従来、アルカリゲネス属由来のクレアチンアミジノハイドロラーゼは、Km値がおおよそ13mMであり、また、耐熱性が45℃程度であるため、より低いKm値を示し、しかも、将来における試薬の液状化での流通、販売を考慮し、より高い温度に対し安定なクレアチンアミジノハイドロラーゼが求められていた。
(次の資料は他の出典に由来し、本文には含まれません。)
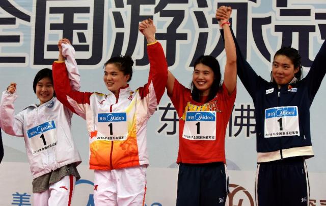 4月10日是“钜派杯”2016年全国游泳冠军赛暨里约奥运选拔赛的最后一个比赛日,当晚的第三项决赛,女子4×100米混合泳接力,江苏队在史婧琳、沈铎、张雨霏和杨书洋的共同努力下,最终以4分00秒86的成绩夺冠。北京水立方4分03秒90获得亚军,广东队4分03秒99拿到季军。经过8天的激烈角逐,江苏队最终收获了4枚金牌,并且史婧琳、沈铎、张雨霏三名选手成功获得里约奥运会资格。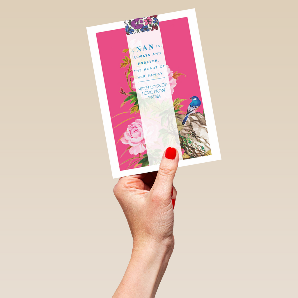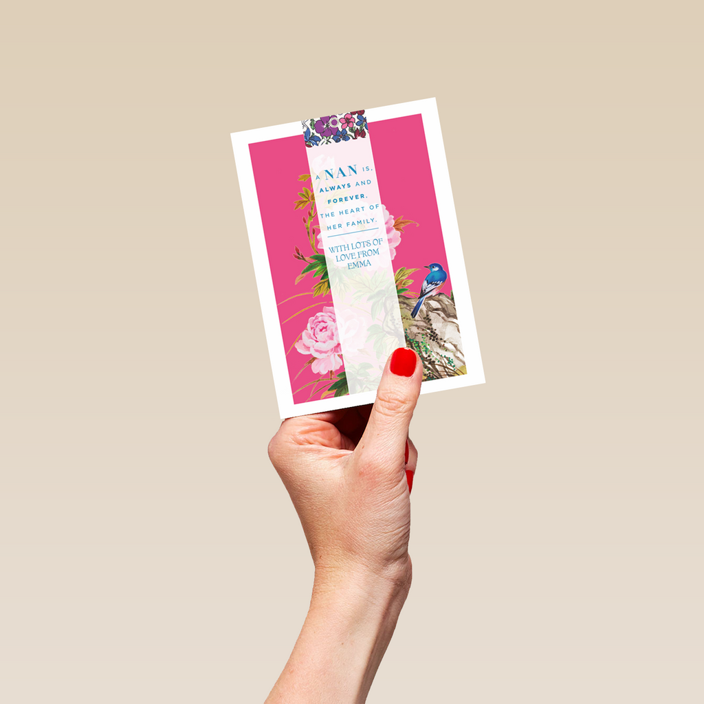 Show them you care with a personalised traditional birthday nan editable pink floral card from Hallmark. Our greetings cards are printed on premium quality, FSC®-certified card & delivered nationwide. This card is available as standard 12cm by 16.7cm and large 15.5cm by 21.6cm.
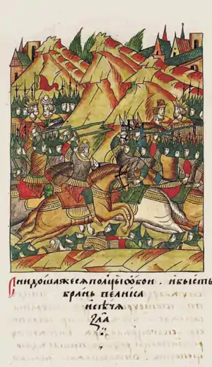 ![]() Миниатюра из Лицевого летописного свода Ивана Грозного | |||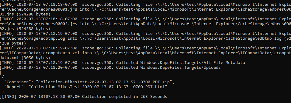 Simply running the binary will begin to collect all the artifacts we specified — in this case the KapeFile Basic Collection target. Finally an output Zip file and a HTML report will be produced using the hostname and timestamp.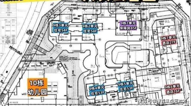 天安云谷里01-03地块,总占地面积约3.45万㎡,总建筑面积约34.5万㎡,计容建筑面积约24.5万㎡,容积率7.11,绿化率40%,共由5栋总高45-54层住宅组成,另外配建2栋总高16-27层酒店,其中9栋1单元保障房45F,9栋2/3单元住宅54F,9栋4/5单元住宅53F,10栋是1所18班幼儿园,配建约1.8万㎡商业。

更に、従来、遺伝子改変により、クレアチンアミジノハイドロラーゼの耐熱化を行なった場合、Km値が原株と同等か、更に悪化してしまうことが多く、改変により耐熱性及びKm値が向上したものは存在しなかった。
【0003】
【発明が解決しようとする課題】
本発明は、耐熱性クレアチンアミジノハイドロラーゼ及びその製造法を提供することを目的とするものである。
【0004】
【課題を解決するための手段】
本発明者等は、上記目的に鑑み更に検討し、アルカリゲネス由来のクレアチンアミジノハイドラーゼ遺伝子(特開平8−89255号公報記載)の遺伝子改変を行なった結果、耐熱性クレアチンアミジノハイドラーゼが得られること等を見出し、本発明を完成した。
【0005】
即ち、本発明は、下記の理化学的性質を有する耐熱性クレアチンアミジノハイドロラーゼであり、
(a)作用;1モルのクレアチンを加水分解し、1モルのザルコシン及び1モルの尿素を生成する。
(b)基質特異性;クレアチンに基質特異性を有する。
(c)至適pH;7.0〜8.0
(d)安定pH範囲;4.0〜11.0
(e)作用適温の範囲;45℃付近
(f)熱安定性;53℃
(g)分子量;92,000(ゲル濾過法)
また、本発明は、前記の理化学的性質を有する耐熱性クレアチンアミジノハイドロラーゼ生産能を有する微生物を培養し、その培養物から耐熱性クレアチンアミジノハイドロラーゼを採取することを特徴とする耐熱性クレアチンアミジノハイドロラーゼの製造法である。
【0006】
【発明の実施の形態】
以下、本発明を詳細に説明する。
本発明の耐熱性クレアチンアミジノハイドロラーゼは、例えば、次のようにして得ることができる。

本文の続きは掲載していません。